Even better, if they do exist then we can use their
positions to reduce the search space that the regex engine
needs to cover to determine if the entire pattern matches.
There are various aspects of the pattern that can be used to
facilitate optimisations along these lines:
o anchored fixed strings
o floating fixed strings
o minimum and maximum length requirements
o start class
o Beginning/End of line positions
Another form of optimisation that can occur is the post-
parse "peep-hole" optimisation, where inefficient constructs
are replaced by more efficient constructs. The "TAIL" regops
which are used during parsing to mark the end of branches
and the end of groups are examples of this. These regops are
used as place-holders during construction and "always match"

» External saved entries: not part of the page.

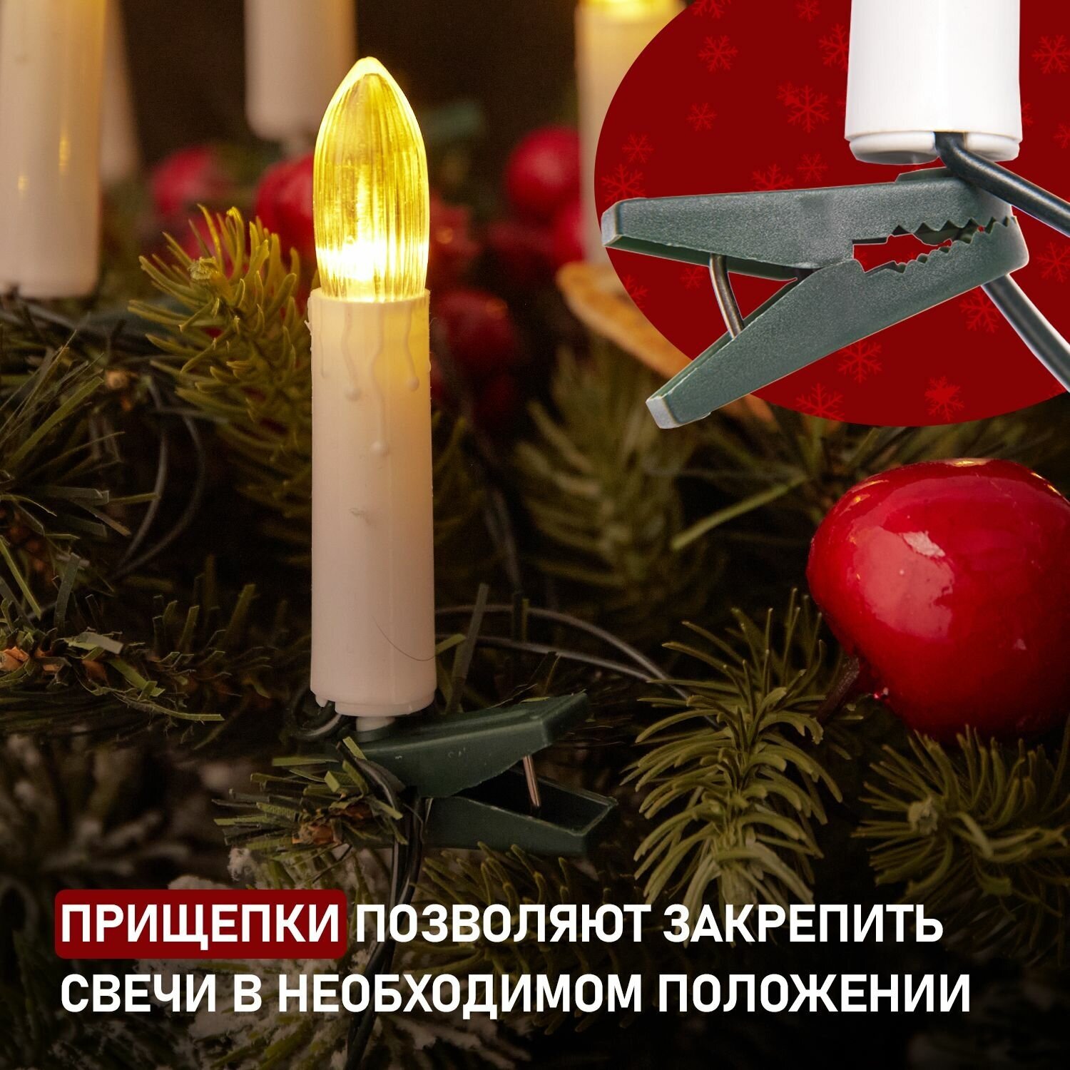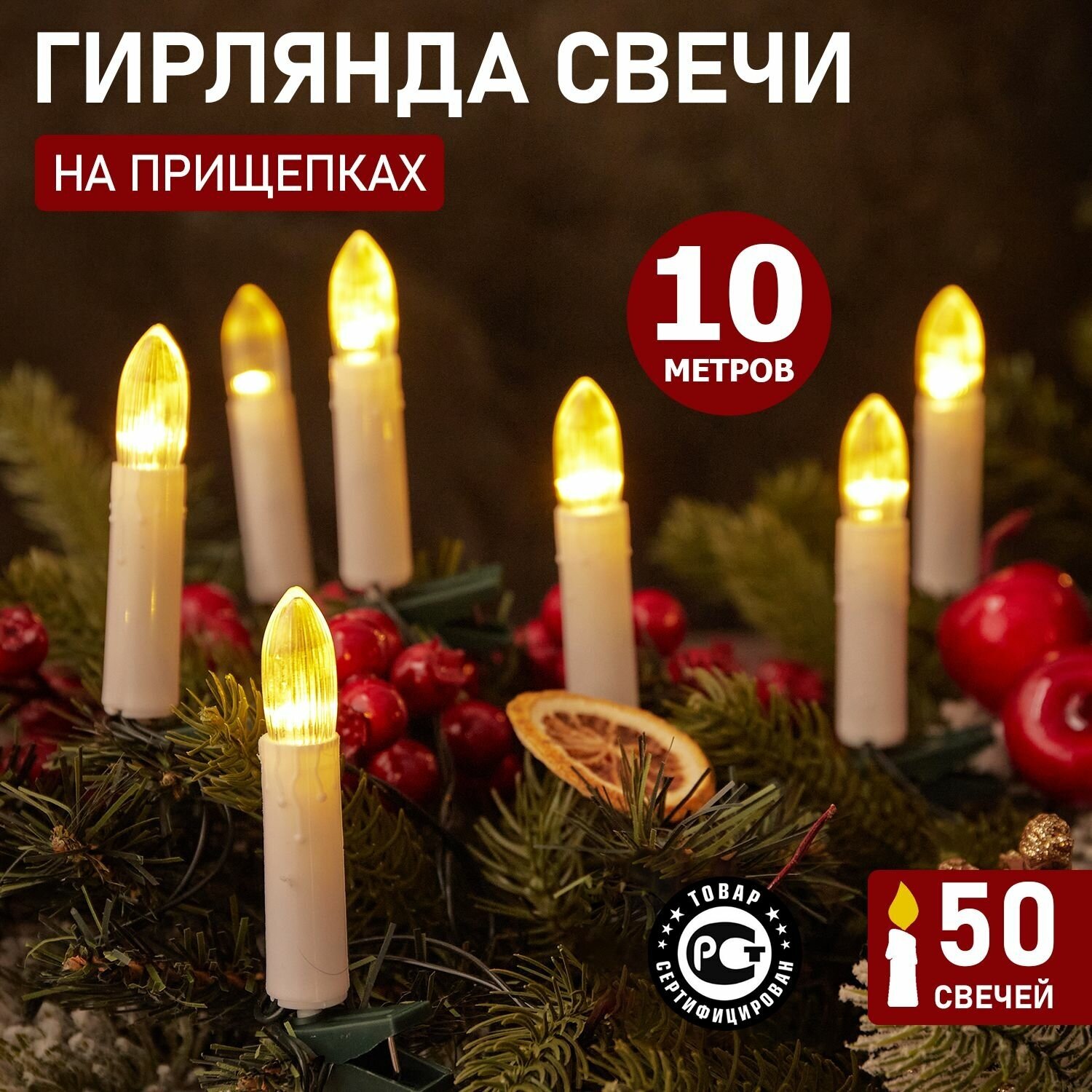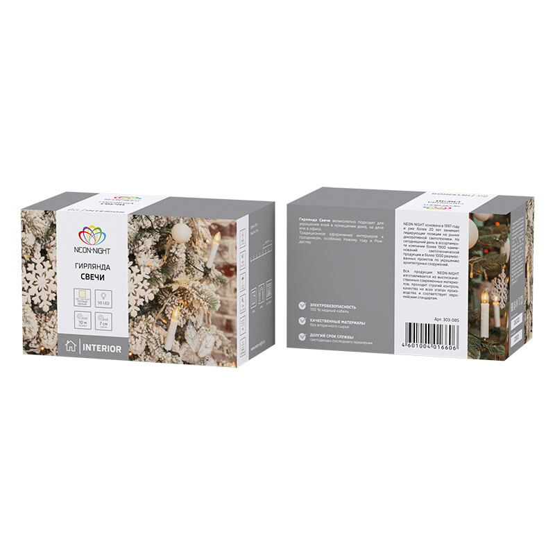 Светодиодная гирлянда Neon-night "Свечи" 10 м, 50 насадок тепло-белого свечения, темно-зеленый ПВХ интересное: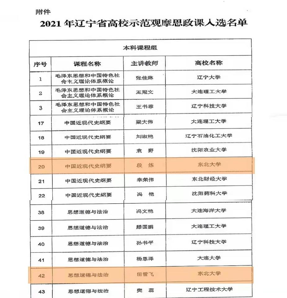 省委教育工委、省教育厅组织开展的高校示范观摩思政课评选活动,为省内广大思政课教师提供课堂教学观摩的机会,充分发挥示范观摩课的示范引领作用,以此引导广大思政课教师认真钻研打磨课程,进而开展教学研究,进一步提升高校思想政治理论课教学质量,推动辽宁省思政课教育教学水平再上新台阶。段炼副教授授课的《中国近代史纲要》与田雪飞副教授授课的《思想道德与法治》分别获批“2021年辽宁省高校示范观摩思政课”。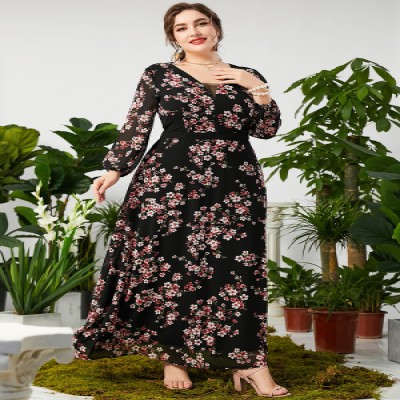 TOLEEN Women Large Plus Size Maxi Dresses Spring Pink Green Chic Elegant Long Sleeve Floral Evening Party Festival Clothing
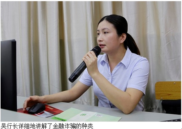 会上,吴行长对防范银行账户资金诈骗、辨明虚假信息和防范资金损失、防范集资诈骗、防范存款形式的诈骗这四方面进行了详细的讲解,使同学们清楚地了解到金融诈骗就在我们身边。随后,高要农商银行的职员为同学们分析了应如何辨别纸币的真假,并与现场同学进行小互动,调动了同学们的积极性,让同学们了解到如何辨别纸币真假及纸币的特点。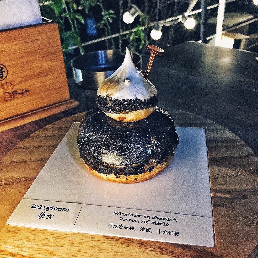在消灭了舞蹈家小节后,我又点了一份巧克力修女。巧克力修女其实是大小泡芙的组合,外面特别梦幻,裹了一层闪亮的巧克力外衣。两个泡芙都填充了满满的巧克力内陷,所以味道非常浓郁。我,这个巧克力爱好者,结果是吃得停不下来。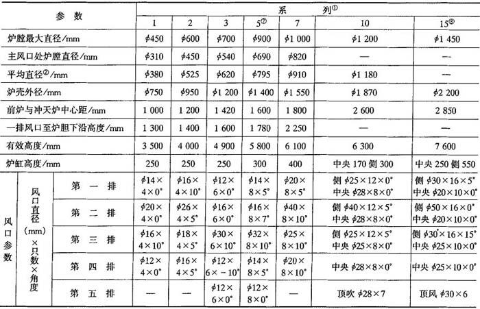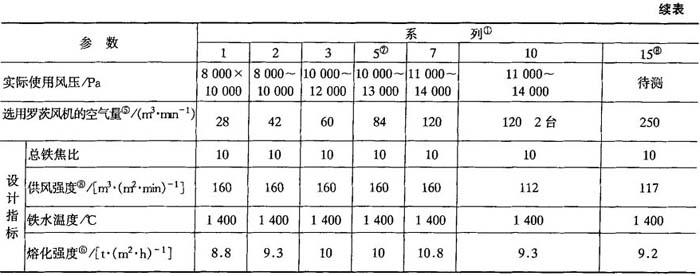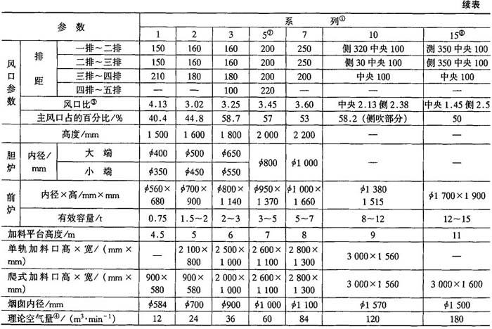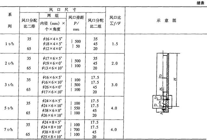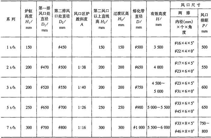 ①1、2、3、5、7t冲天炉采用多排小风口曲线炉膛,10、15t冲天炉采用中央与侧吹相结合的送风方式系列标号即为炉子的标称熔化率(t/h). ②平均直径=(炉膛最大直径+主风处炉膛直径)/2 ③风口比和供风强度均按主风口处炉膛直径计. ④理论空气量按7.2m3/kg焦炭计(固定碳按80%、燃烧比ηv=1计). ⑤鼓风机按理论空气量的约150%选用. ⑥熔化强度按平均直径计. ⑦5t冲天炉设计有活动炉缸与固定炉缸两种. ⑧15t冲天炉参数仅供参考,待成熟后再纳入系列 注:本表于1975年1月22日一机部冲天炉“三化”设计方案审查会上通过. 表4-80 二排大间距冲天炉主要参数

so they can be "optimised away" by making the things that
point to the "TAIL" point to the thing that "TAIL" points
to, thus "skipping" the node.
Another optimisation that can occur is that of ""EXACT"
merging" which is where two consecutive "EXACT" nodes are
merged into a single regop. An even more aggressive form of
this is that a branch sequence of the form "EXACT BRANCH ...
EXACT" can be converted into a "TRIE-EXACT" regop.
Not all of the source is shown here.